Please do not add the -v flag to your mdrun command.

It will write to a log file every second for the duration of your job and can lead to severe overloading of the file servers.

Significant Change in this Version

Within Gromacs 2018, the different gromacs commands (e.g., mdrun, grompp, g_hbond) should now be run using the command:

gmx command

where command is the name of the command you wish to run (without any g_ prefix), for example:

gmx mdrun

The gmx command changes its name to reflect the gromacs flavour being used but the command does not change. For example, if using the mdrun command:

# New 2018.4 method                  # Previous 5.0.4 method
# =================                  # =====================
gmx   mdrun                          mdrun
gmx_d mdrun                          mdrun_d
mpirun -n $NSLOTS gmx_mpi   mdrun    mpirun -n $NSLOTS mdrun_mpi
mpirun -n $NSLOTS gmx_mpi_d mdrun    mpirun -n $NSLOTS mdrun_mpi_d

The complete list of command names can be found by running the following on the login node:

gmx help commands
# The following commands are available:
anadock			gangle			rdf
anaeig			genconf			rms
analyze			genion			rmsdist
angle			genrestr		rmsf
awh			grompp			rotacf
bar			gyrate			rotmat
bundle			h2order			saltbr
check			hbond			sans
chi			helix			sasa
cluster			helixorient		saxs
clustsize		help			select
confrms			hydorder		sham
convert-tpr		insert-molecules	sigeps
covar			lie			solvate
current			make_edi		sorient
density			make_ndx		spatial
densmap			mdmat			spol
densorder		mdrun			tcaf
dielectric		mindist			traj
dipoles			mk_angndx		trajectory
disre			morph			trjcat
distance		msd			trjconv
do_dssp			nmeig			trjorder
dos			nmens			tune_pme
dump			nmtraj			vanhove
dyecoupl		order			velacc
dyndom			pairdist		view
editconf		pdb2gmx			wham
eneconv			pme_error		wheel
enemat			polystat		x2top
energy			potential		xpm2ps
filter			principal
freevolume		rama

Notice that the command names do NOT start with g_ and do NOT reference the flavour being run (e.g., _mpi_d). Only the main gmx command changes its name to reflect the flavour (see below for list of modulefiles for the full list of flavours available).

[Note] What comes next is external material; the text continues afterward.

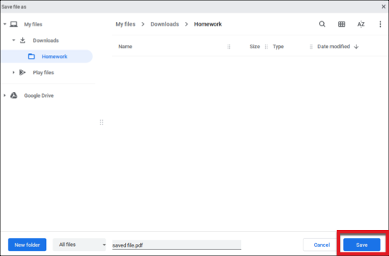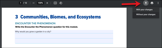 This article explains how students can complete and download PDF assignments using a Chromebook. If you make progress on an assignment and need to come back to it later, be sure to use these instructions to save your PDF assignment. When you re-open the assignment later, your previous work will be saved within the assignment.

To obtain more help about a particular command run:

gmx help command

For example

gmx help mdrun

Helper scripts

To assist with moving to the new command calling method, we have recreated some of the individual commands that you may have used in your jobscript. For example, you can continue to use mdrun (or mdrun_d) instead of the new gmx mdrun (or gmx_d mdrun) in this release. These extra commands are automatically included in your environment when you load the gromacs modulefiles. This old method uses the flavour of gromacs in the command name (see above for comparison of new and old commands).

However, please note that some commands are new to 2018.4 and so can only be run using the new method (gmx command):

Available Flavours

For version 2018.4 we have compiled multiple versions of Gromacs, each of which is optimised for a particular CPU architecture. We have also built versions with GPU support (note, GPU versions of Gromacs only support single precision). The module file has been written to detect which CPU the compute node is using and to automatically select the correct Gromacs executable. If you want to ensure you get a particular level of opimisation specify an architecture in the jobscript e.g -l skylake.

2018.4 for Ivybridge (and Haswell, Broadwell and Skylake nodes) only

With AVX optimisation.

2018.4 for Haswell and Broadwell (and Skylake) nodes only

With AVX2 optimisation.

2018.4 for Skylake nodes only

With AVX-512 optimisation.

2018.4 for Skylake nodes with GPU acceleration.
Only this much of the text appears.